What you should do: Find the line with "JUNIORS Euroseat Breeches, adjustable" in the records below. Output exactly from there until after the line with "陽介「しかし、孫堅が武陵へ進", without pictures.

++++ Supplied material

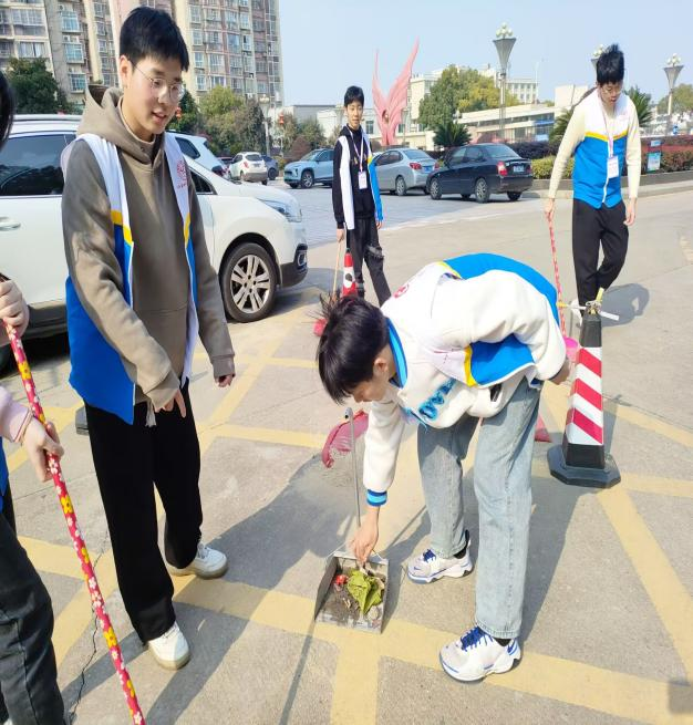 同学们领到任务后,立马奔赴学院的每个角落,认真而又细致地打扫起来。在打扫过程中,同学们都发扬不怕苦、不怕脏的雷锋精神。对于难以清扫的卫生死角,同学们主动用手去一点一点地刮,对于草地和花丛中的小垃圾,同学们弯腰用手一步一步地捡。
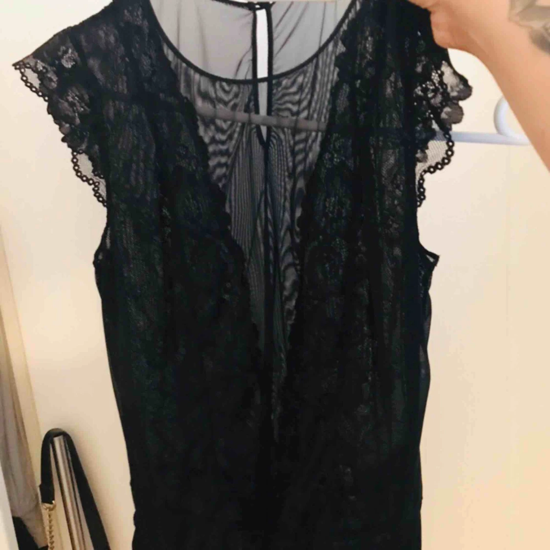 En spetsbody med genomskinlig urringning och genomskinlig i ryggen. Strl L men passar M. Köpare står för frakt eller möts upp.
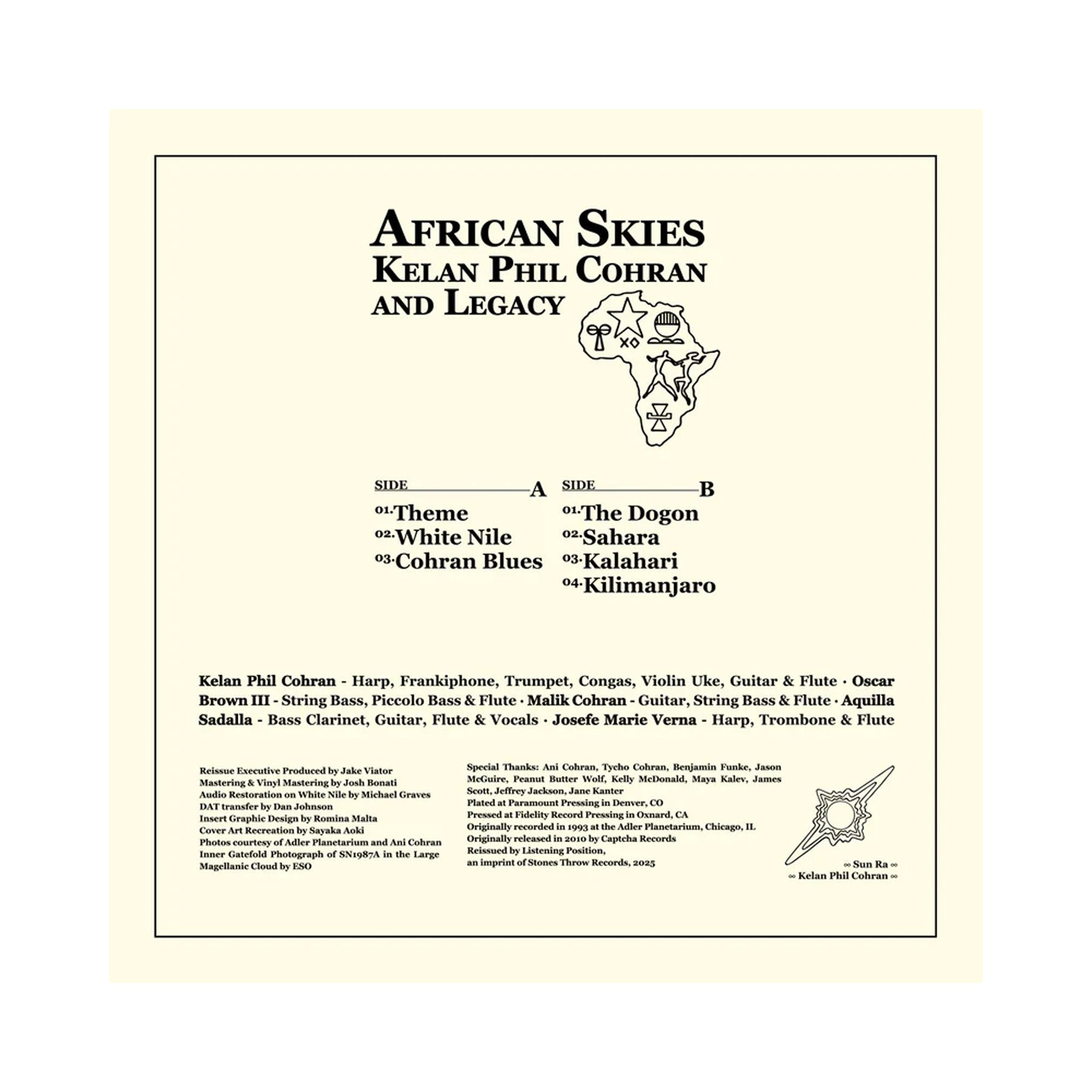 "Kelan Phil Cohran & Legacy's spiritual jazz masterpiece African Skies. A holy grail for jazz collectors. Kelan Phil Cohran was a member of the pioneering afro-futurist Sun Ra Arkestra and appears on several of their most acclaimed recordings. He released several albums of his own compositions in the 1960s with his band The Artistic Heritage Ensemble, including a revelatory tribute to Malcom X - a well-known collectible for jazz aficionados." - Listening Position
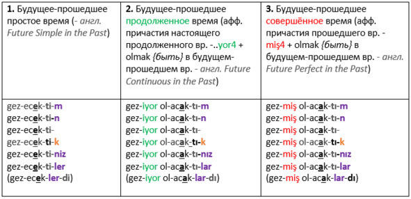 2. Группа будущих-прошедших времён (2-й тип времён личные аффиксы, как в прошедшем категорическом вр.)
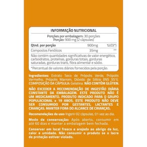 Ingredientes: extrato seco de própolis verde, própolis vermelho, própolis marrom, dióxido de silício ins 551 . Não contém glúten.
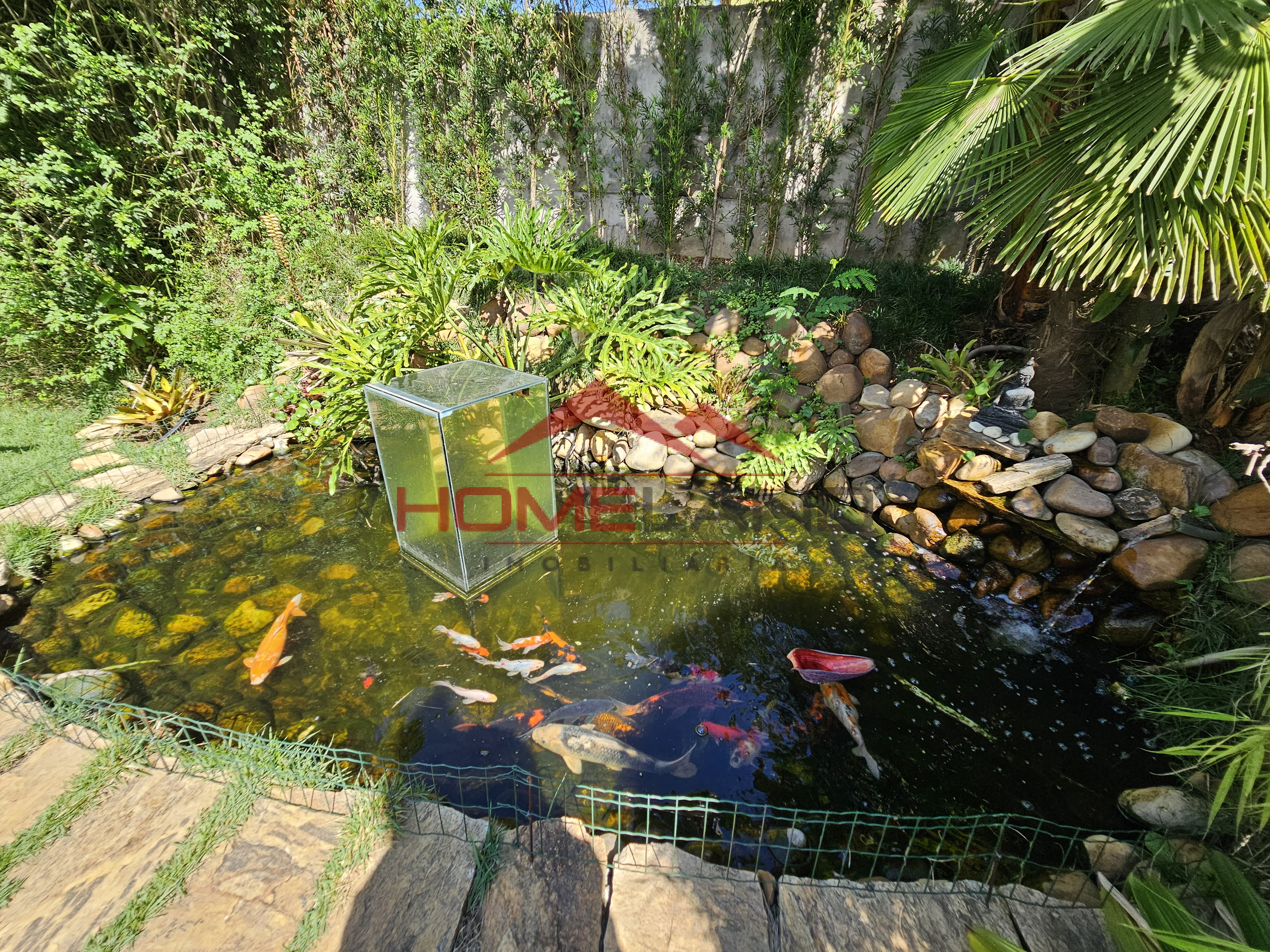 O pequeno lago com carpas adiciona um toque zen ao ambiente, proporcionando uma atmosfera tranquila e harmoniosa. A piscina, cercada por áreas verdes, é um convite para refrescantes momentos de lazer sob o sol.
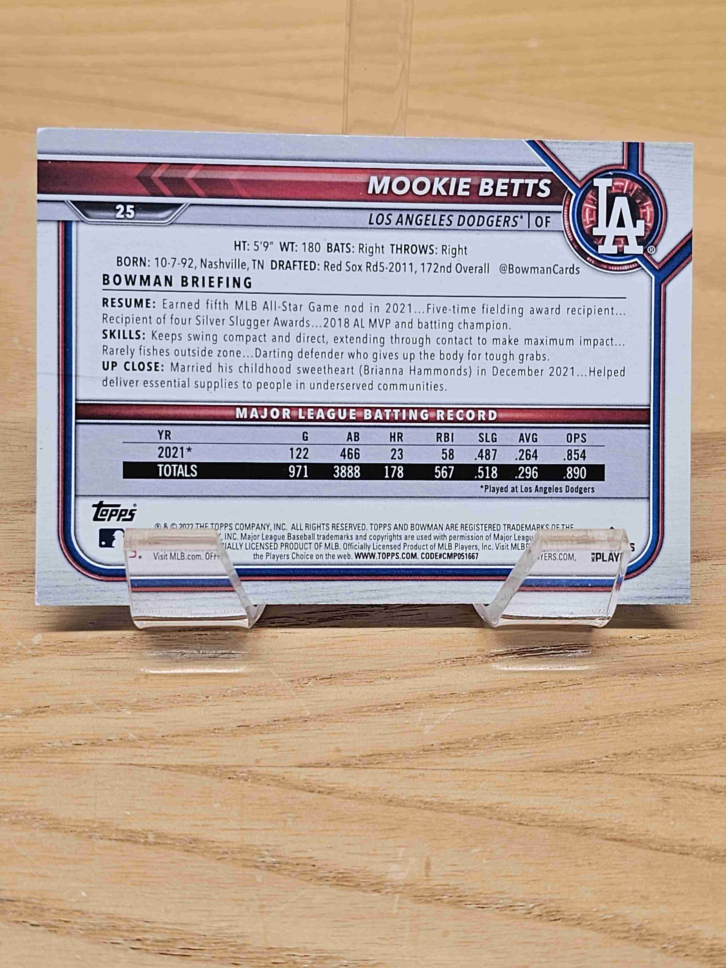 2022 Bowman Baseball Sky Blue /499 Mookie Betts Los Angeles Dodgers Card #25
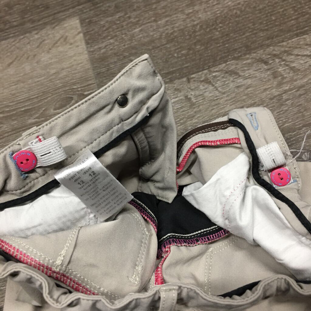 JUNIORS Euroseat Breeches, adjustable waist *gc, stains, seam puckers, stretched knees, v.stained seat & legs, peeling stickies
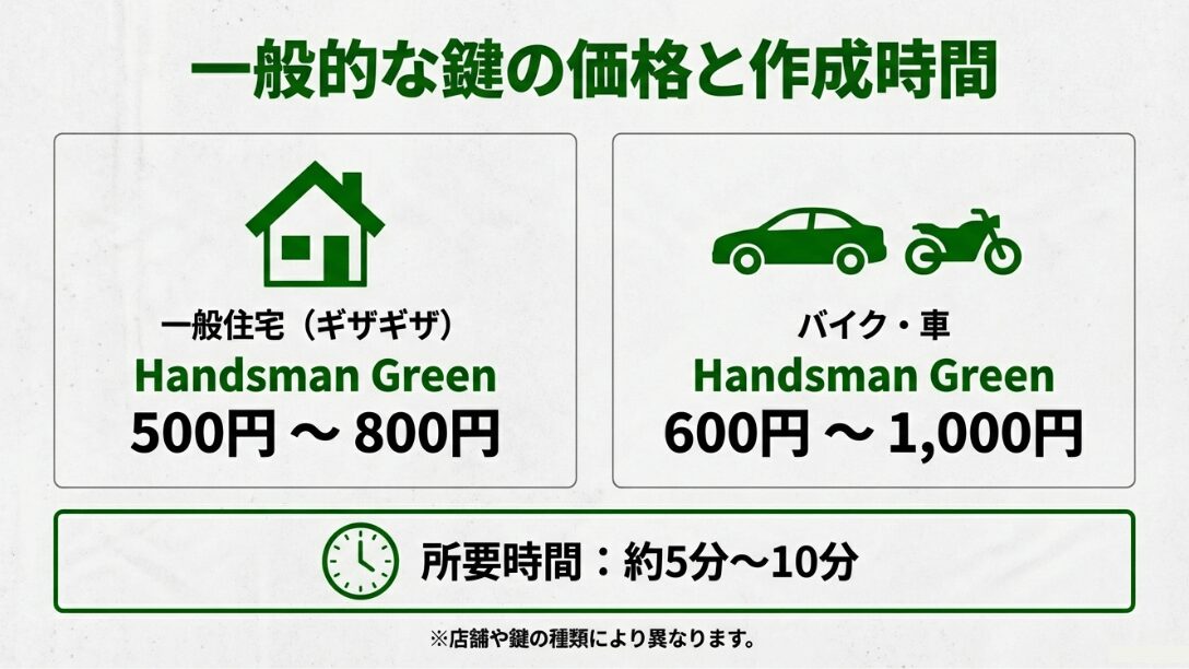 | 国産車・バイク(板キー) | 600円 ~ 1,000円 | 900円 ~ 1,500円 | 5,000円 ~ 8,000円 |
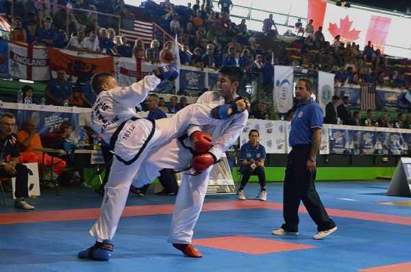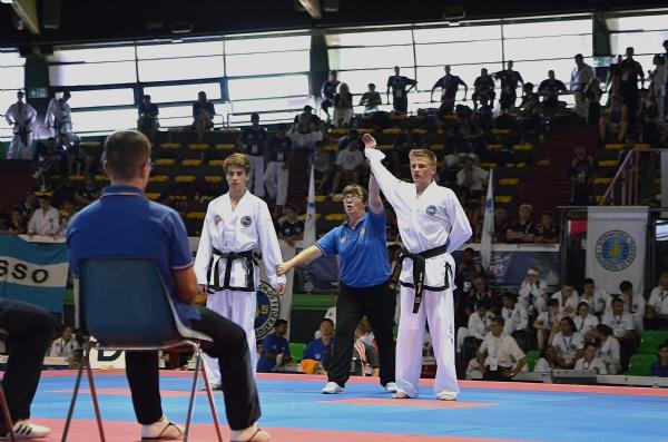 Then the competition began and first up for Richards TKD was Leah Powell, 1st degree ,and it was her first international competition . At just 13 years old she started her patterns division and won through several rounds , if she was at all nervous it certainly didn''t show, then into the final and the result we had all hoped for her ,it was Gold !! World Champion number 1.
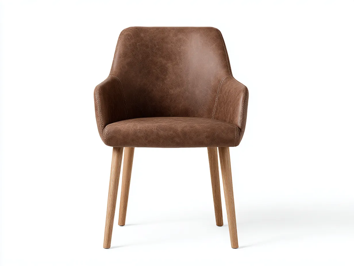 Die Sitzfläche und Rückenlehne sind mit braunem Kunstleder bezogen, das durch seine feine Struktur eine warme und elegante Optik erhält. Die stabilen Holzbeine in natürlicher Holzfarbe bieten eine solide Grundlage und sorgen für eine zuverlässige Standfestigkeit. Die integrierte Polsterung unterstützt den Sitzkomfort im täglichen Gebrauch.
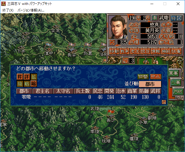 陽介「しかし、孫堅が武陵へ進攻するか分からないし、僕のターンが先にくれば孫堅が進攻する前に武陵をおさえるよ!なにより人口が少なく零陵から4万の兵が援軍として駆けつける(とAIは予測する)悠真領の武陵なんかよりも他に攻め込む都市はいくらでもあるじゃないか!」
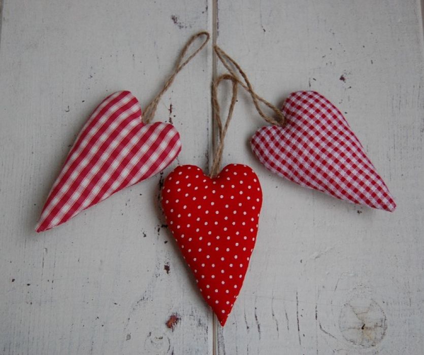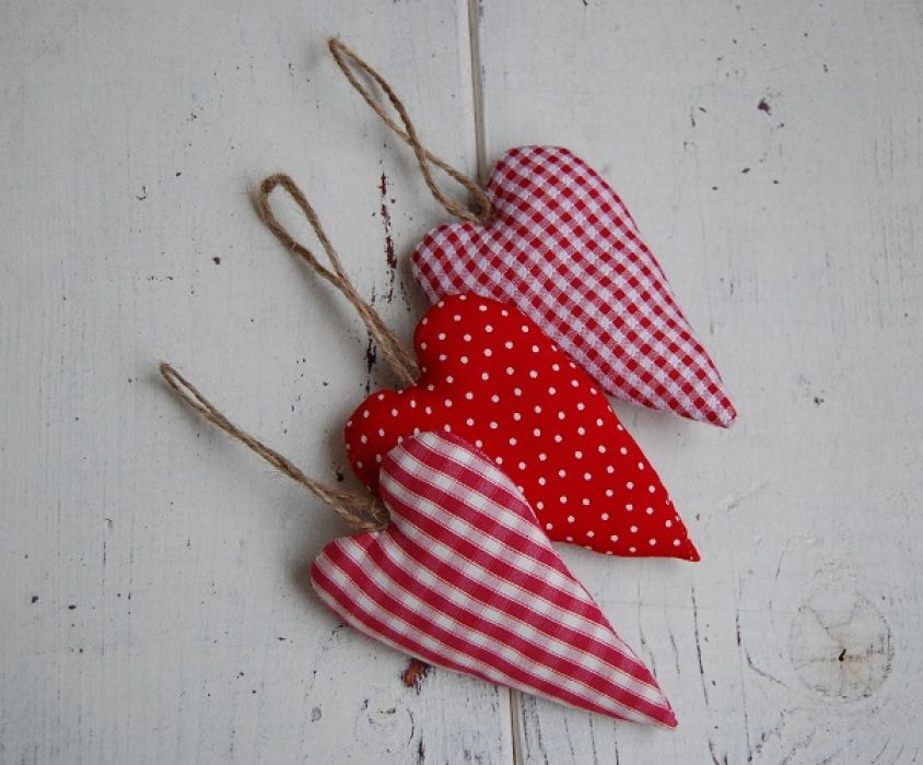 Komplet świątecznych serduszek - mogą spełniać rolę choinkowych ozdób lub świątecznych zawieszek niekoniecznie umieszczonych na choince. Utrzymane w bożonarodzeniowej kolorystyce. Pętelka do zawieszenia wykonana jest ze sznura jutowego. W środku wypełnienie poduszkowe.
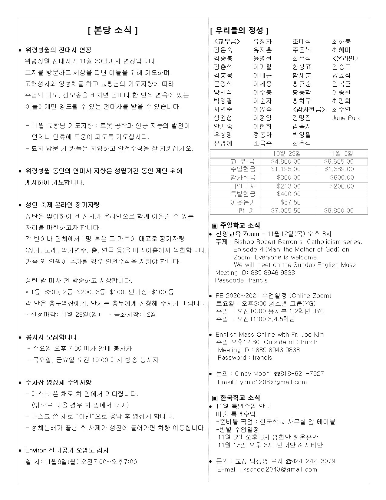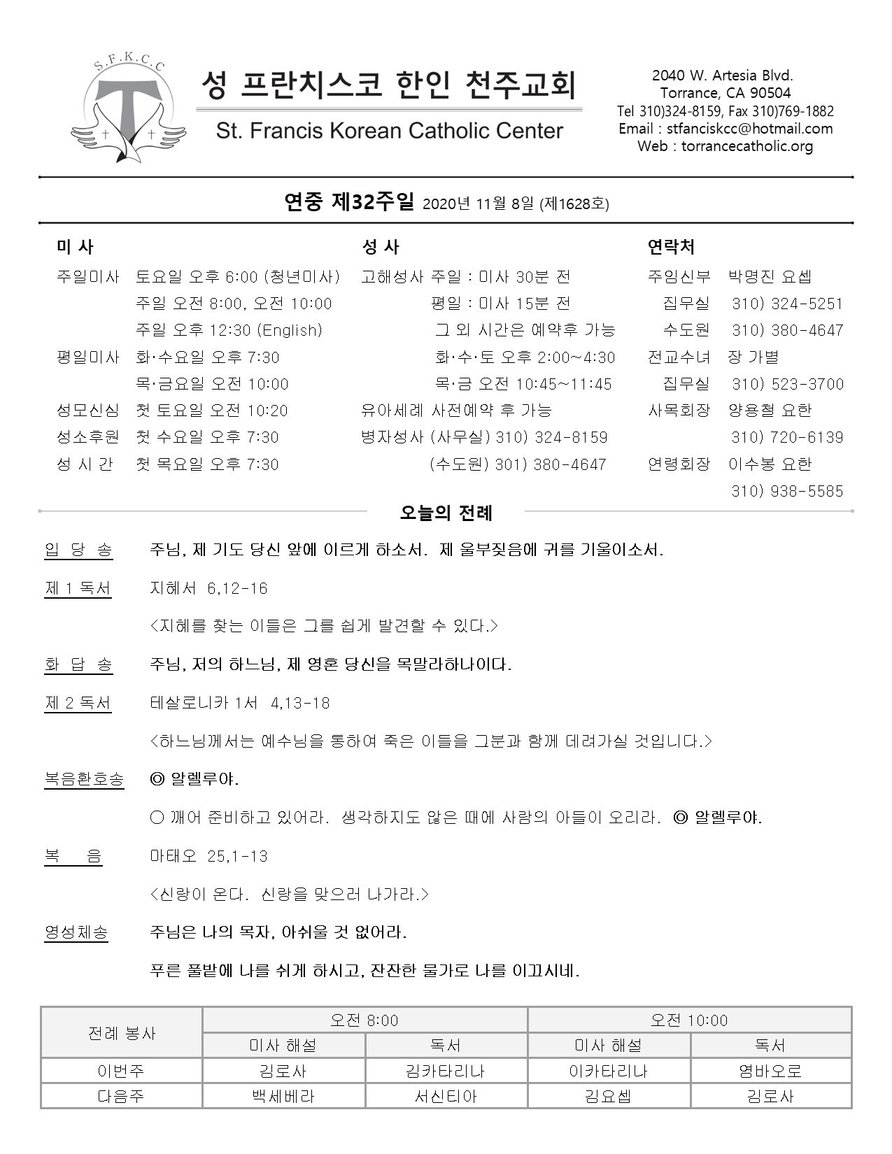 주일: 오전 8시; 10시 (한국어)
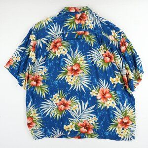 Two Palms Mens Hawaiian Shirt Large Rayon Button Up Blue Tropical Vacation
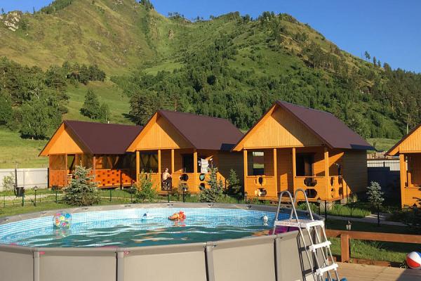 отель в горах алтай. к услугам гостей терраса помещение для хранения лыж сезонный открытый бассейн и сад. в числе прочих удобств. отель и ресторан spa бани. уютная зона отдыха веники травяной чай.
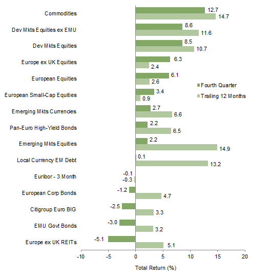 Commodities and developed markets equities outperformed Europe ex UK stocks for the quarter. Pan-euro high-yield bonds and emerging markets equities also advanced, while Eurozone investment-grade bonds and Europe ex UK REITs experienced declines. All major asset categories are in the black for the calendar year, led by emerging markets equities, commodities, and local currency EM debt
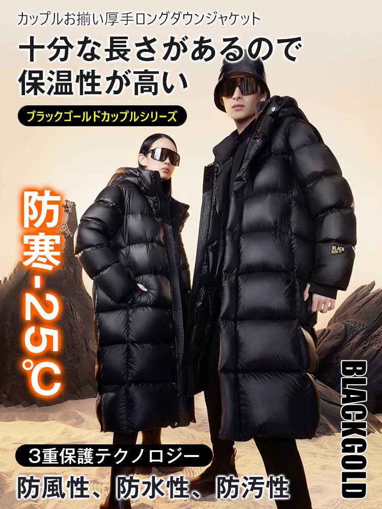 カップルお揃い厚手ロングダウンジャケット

++++++++

Finished exercise:
 JUNIORS Euroseat Breeches, adjustable waist *gc, stains, seam puckers, stretched knees, v.stained seat & legs, peeling stickies
 | 国産車・バイク(板キー) | 600円 ~ 1,000円 | 900円 ~ 1,500円 | 5,000円 ~ 8,000円 |
 Then the competition began and first up for Richards TKD was Leah Powell, 1st degree ,and it was her first international competition . At just 13 years old she started her patterns division and won through several rounds , if she was at all nervous it certainly didn''t show, then into the final and the result we had all hoped for her ,it was Gold !! World Champion number 1.
 Die Sitzfläche und Rückenlehne sind mit braunem Kunstleder bezogen, das durch seine feine Struktur eine warme und elegante Optik erhält. Die stabilen Holzbeine in natürlicher Holzfarbe bieten eine solide Grundlage und sorgen für eine zuverlässige Standfestigkeit. Die integrierte Polsterung unterstützt den Sitzkomfort im täglichen Gebrauch.
 陽介「しかし、孫堅が武陵へ進攻するか分からないし、僕のターンが先にくれば孫堅が進攻する前に武陵をおさえるよ!なにより人口が少なく零陵から4万の兵が援軍として駆けつける(とAIは予測する)悠真領の武陵なんかよりも他に攻め込む都市はいくらでもあるじゃないか!」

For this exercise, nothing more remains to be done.